Posted June 26, 2014 @ 4:18am | by Tripp

Ordo amoris, the ordering of affections, of loves, is a notion attributed to Augustine of Hippo, the north African bishop and saint from the fourth century. I've been pondering this idea all night. There is so much out of order. Margaret Guenther was on campus to deliver a lecture and answer some questions. She's really quite astonishing as were some of her insights into the spiritual life.

Spirituality is, in the most simple terms, the ordering of our loves. There are then many, many spiritualities out there. Some are beneficial. Some are not. Some are saintly. Some are dangerous. Often there is overlap. Often we're working several spiritual paths simultaneously. A great deal of self-awareness must be developed if we are to navigate these waters.

Though she said nothing "new," this is spirituality after all, she said some things in ways that I had not heard before and that was helpful. This Augustinian notion especially was helpful for me in my work. How does Naomi Cumming's idea of "listening as an act of love" immesh with "ordo amoris"? There is much to consider.
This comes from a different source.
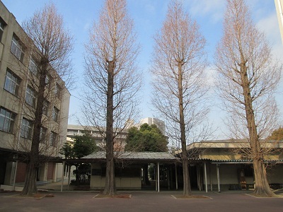 正門付近も、木々の葉が少なくなり、淋しげです。
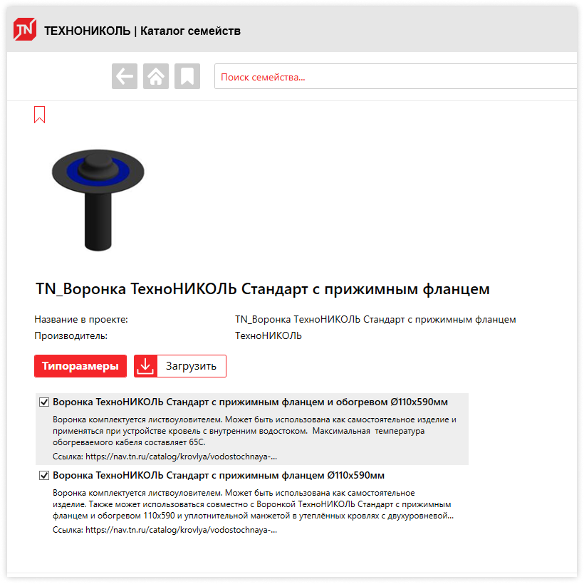При загрузке модели в проект можно настроить желаемые типоразмеры, по каждому из которых отображается описание элемента, а также ссылка на сайт с детальной информацией об элементе.

In other news, it rained last night.

GITALI 13

Again You have come in the form of the Sraban,
You have enveloped Yourself in a cloud veil.

The sun is lost,
Lost too are the stars;

In the darkness
they lose their way.

Waves surge up
in the river water.

The whole sky, the whole earth
are filled with the message of pouring rain.

My dark night rings out madly
with the constant drumming
of battering sheets of rain;

It throbs
in every vein of mine.

One more thing from last evening: You cannot give what you do not have. If you wish to give love, you must cultivate it in yourself. If you wish to give peace, cultivate it within yourself. If you wish to offer wisdom, insight, humility, you must cultivate it within yourself.

This thing that we do, this "religious life," this "spiritual path," is no joke. It is not a plaything. It is not simply a tool for self-improvement. It is, instead, a means of understanding how we are all, in the end, part of one another. There is no other life than life together.